Sunny days, everybody loves them
Tell me baby, can you stand the rain?
Storms will come
This we know for sure (This we know for sure)
Can you stand the rain?  ~ New Edition, “Can You Stand The Rain?”

We are in the middle of winter.  There was snow last night; there was sunny weather today.

The weekend of the Super Bowl, it rained.  It rained so much, I joked that I needed a canoe to get around.  Pretty sure I saw one floating down Broadway.  Of course, I needed to be outside, taking care of pets and not hunkering down, eating bad carbs and watching a game where I had a healthy hate for both teams.

Being a dog walker can be fun and on bad days, when you love your pets, it can make them not so bad.  On a rainy day though, that separates the true believers from the poseurs.

And since my last post, which celebrated the life of my beloved furry baby, Cassie, I spent some time not only mourning her loss, but also mourning the loss of my sports teams.  Which was very palatable.  At least in the past, I’ve had sports as escapism.  With the Seahawks puttering out at the end of the season, the Rangers basically in back-up-the-truck mode now, and the Mets being not so cautiously optimistic for 2018, these teams haven’t done much to make me forget my pain.

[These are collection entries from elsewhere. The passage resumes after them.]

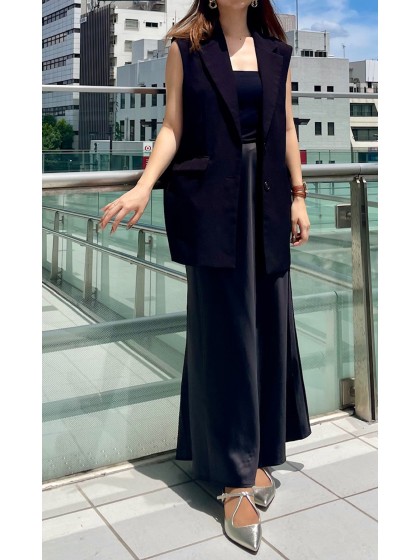 三角のように配したストラップがポイントのミュール。 夏から秋口にかけて使いやすい軽やかな素材感でありつつ、ほんのり秋を意識したトーンが魅力。 程よく華奢なミドルヒールがコーディネートに上品さを演出してくれる一足です。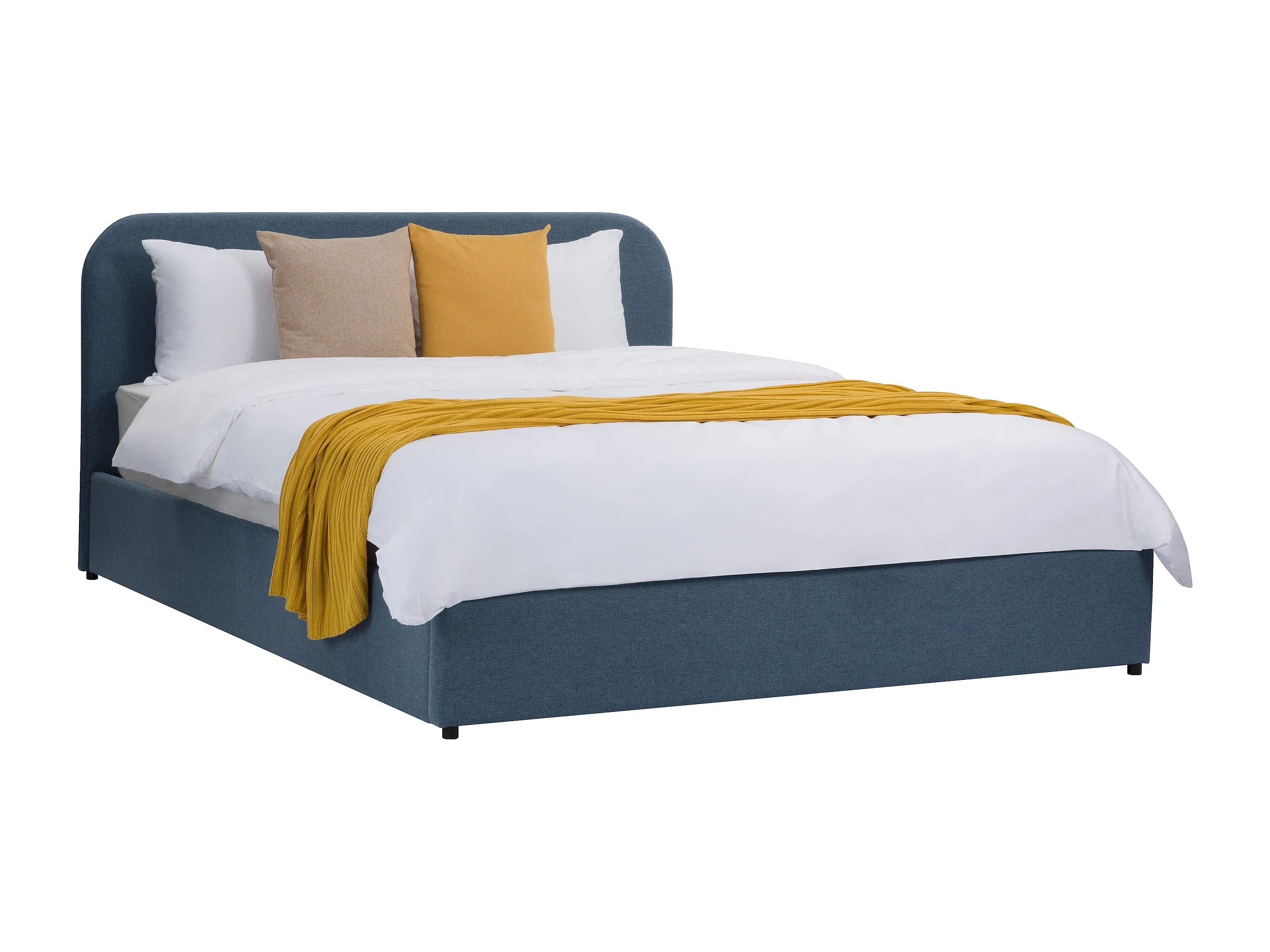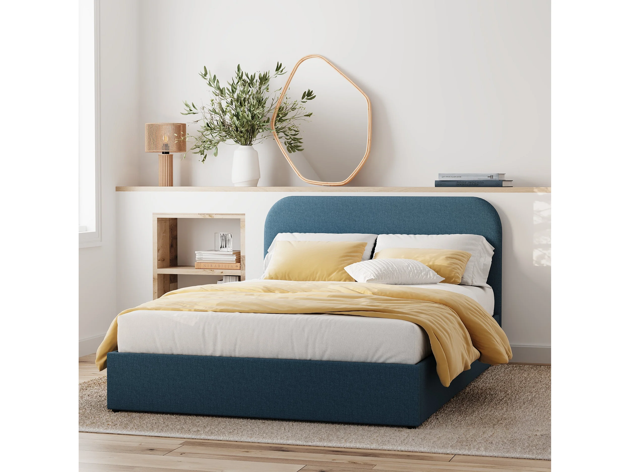 Letto matrimoniale con contenitore 140x190 cm in tessuto blu - Tilly
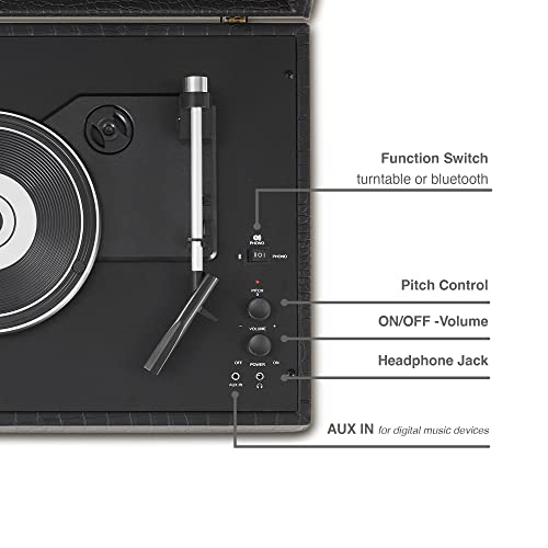 Crosley Mercury Giradischi Vinili con Bluetooth In/out, RCA e Altoparlanti Stereo - Vintage Design Lettore di Dischi a 3 Velocità - Per 7", 10" e 12" - Portatile con Custodia Integrata (Nero Croc)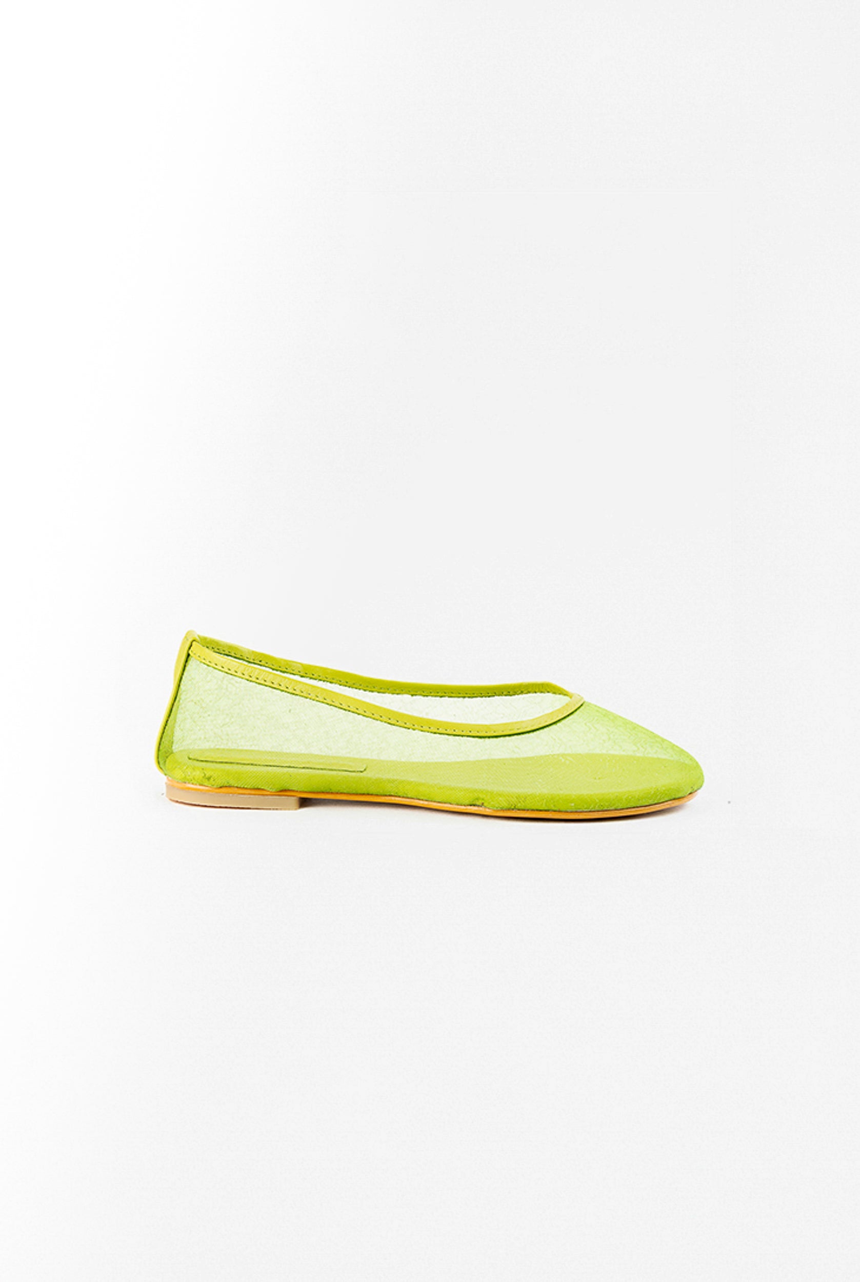 Simple, lujosa y discreta, nuestra balerina en malla transparente, con nuestra huella Piana, una huella única y exclusiva de la marca, contorneada con cuero bovino suave, plantilla extra confort minimalista.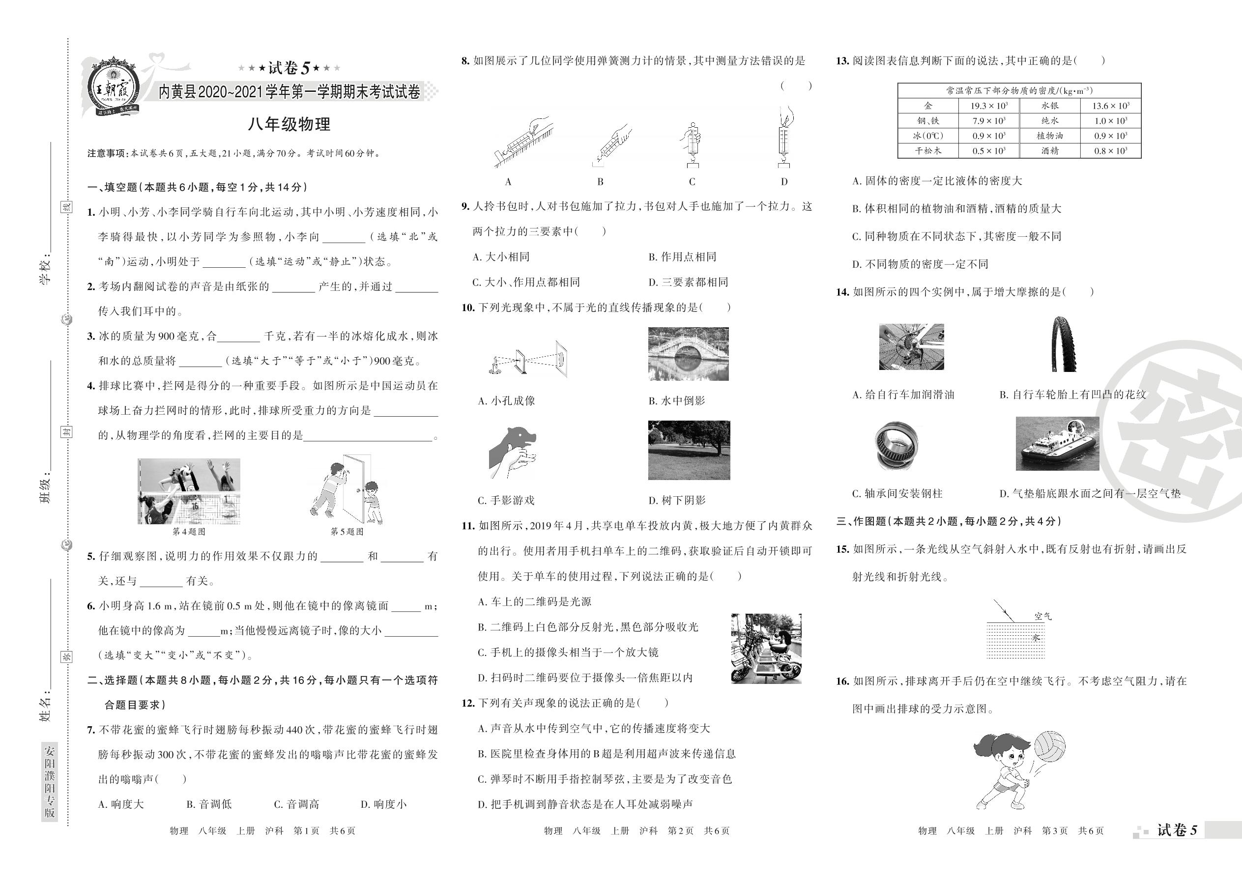 内黄县2020~2021学年第一学期期末考试试卷八年级物理(沪科版)【5】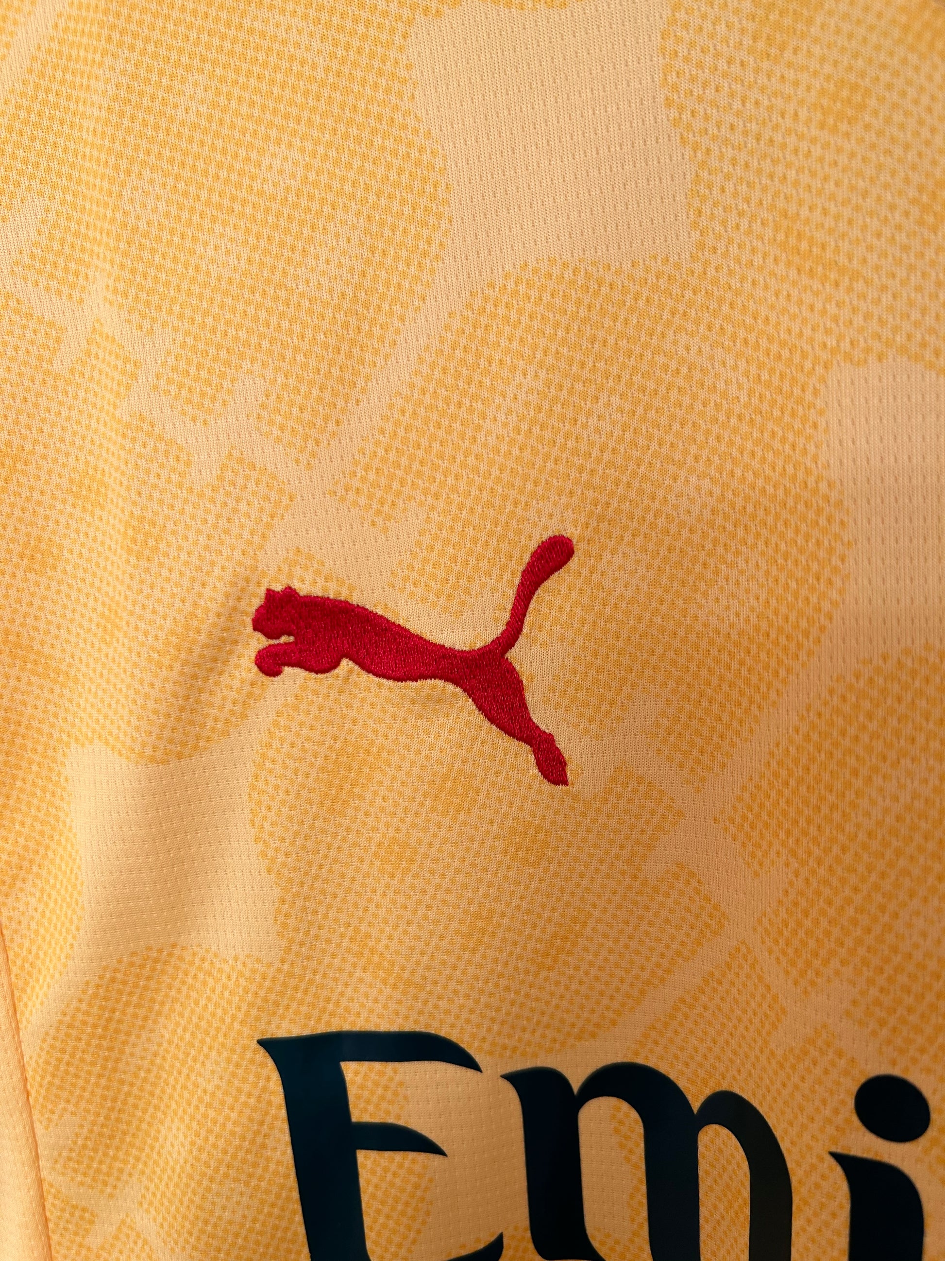 Logos de Puma y Emirates en verde oscuro, refinados y bien integrados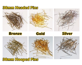 100 38mm 1.5 inch Chandelier Pins Headed or Hooped Chains Crystals Drops Lamp Parts Components Restoration Chrome Brass Antique Finish New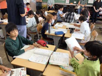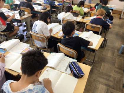 6/3 4年算数 公開日 2024/06/03 更新日 2024/06/03 各学年から 4年2組の算数では、「分度器を使って角をかこう」というめあてで,角とその大きさについて学習を進めていました。200度ってどうやってかくんだろう…話し合って考えていました。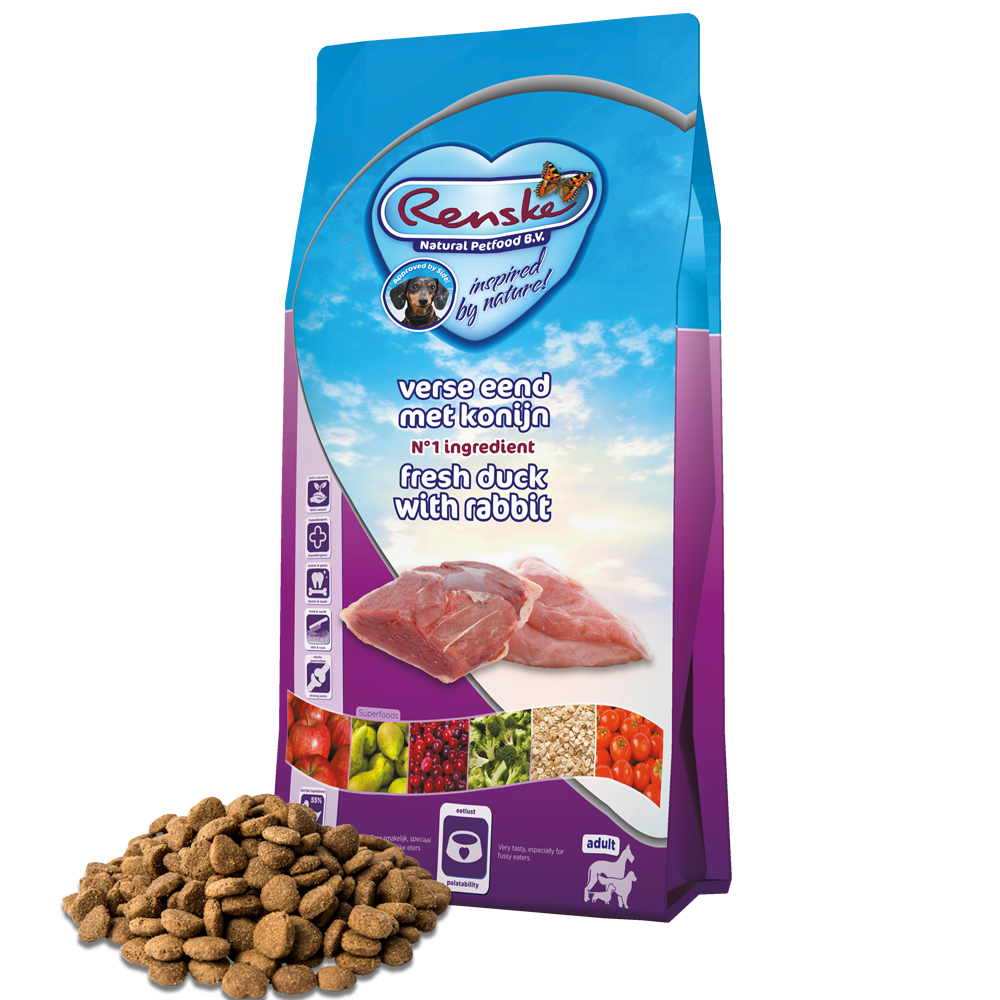 It is best to start by offering your dog only Renske Fresh Meat Meals for three days, as this will produce the necessary digestive enzymes in the intestines. You can subsequently introduce Renske kibbles. These can be mixed with the Fresh Meat Meals. You can then either switch completely to dry food, or alternatively, continue to mix. Our food products are very easy to digest, thanks to the high fresh meat or fresh fish content. This rarely causes problems when switching.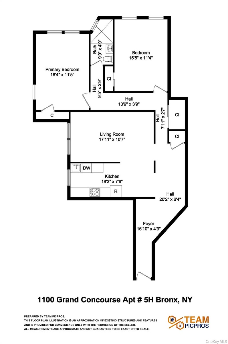 Once considered by The New York Times one of the most prominent residential buildings in the Bronx, the iconic 1928 John Ericsson Building, now known as 1100 Grand Concourse, is a distinguished part of the Grand Concourse Historic District. Within its walls lies this tastefully renovated 2-bedroom, 1-bath residence, blending pre-war charm with the comfort of modern living. This spacious home features high ceilings, gleaming hardwood floors, and oversized windows that fill the rooms with natural light. The modern kitchen features sleek white cabinetry, quartz countertops, brand-new stainless-steel appliances, and it's equipped with washer/dryer hook up. The spa-like bath showcases floor-to-ceiling marble-style tile, a glass-enclosed rain shower, and matte black fixtures for a bold contemporary touch. This well-maintained, elevator co-op offers a live-in super, on-site laundry, and a beautifully preserved lobby that reflects the building’s historic character. Ideally situated next to the Bronx Museum of the Arts and across the street from the historic Andrew Freedman Home, this address places you in the cultural heart of the Grand Concourse. Enjoy easy access to the Bx1, Bx2, and BxM4 bus lines, as well as the B/D and 4 subway lines, for a quick commute into Manhattan. You’re also just steps away from Yankee Stadium and the green spaces of Franz Sigel and Joyce Kilmer Parks and just a 12 min walk from Bronx Care Hospital.

This also marked the first year I haven’t seen the Seahawks in a postseason since I started following them in earnest.  Someone told me, though, early in the hockey season, that I better hope the Seahawks do something because the Rangers were looking maddeningly frustrating.

Well, I seem to not be able to exist without my teams frustrating me, so I figured bring it on.  Plus, out of all my teams, the Seahawks always leave me pleasantly surprised.  And the Rangers, well, we can find a way for them to make it to the playoffs.  Right?

It seems like Ray Ramirez’ golden shit touch has infiltrated my teams.  Well, the Seahawks since nearly everyone was injured, and it was tough to come out of that hole.

The last day of the season, they were officially eliminated from making it to the postseason, before they even officially lost a nail-biting heartbreaker of a game.  I suppose it was fitting.  2017 was a shitty year for me personally, it was motherfucking cold that day, and it was New Years’ Eve.  2018 had to be better by definition.

Then New Years’ Day, the Rangers played a Winter Classic game at my baseball summer home, CitiField.  If it was fucking freezing here, on Manhattan Island, it was probably polar vortex meets Antarctica gusts in Queens.

The Rangers won.  It was ice cold, but they played red hot that day.  If I felt concerned and not at all hopeful of their play, I felt like despite the unnerving weather, they had given us hope.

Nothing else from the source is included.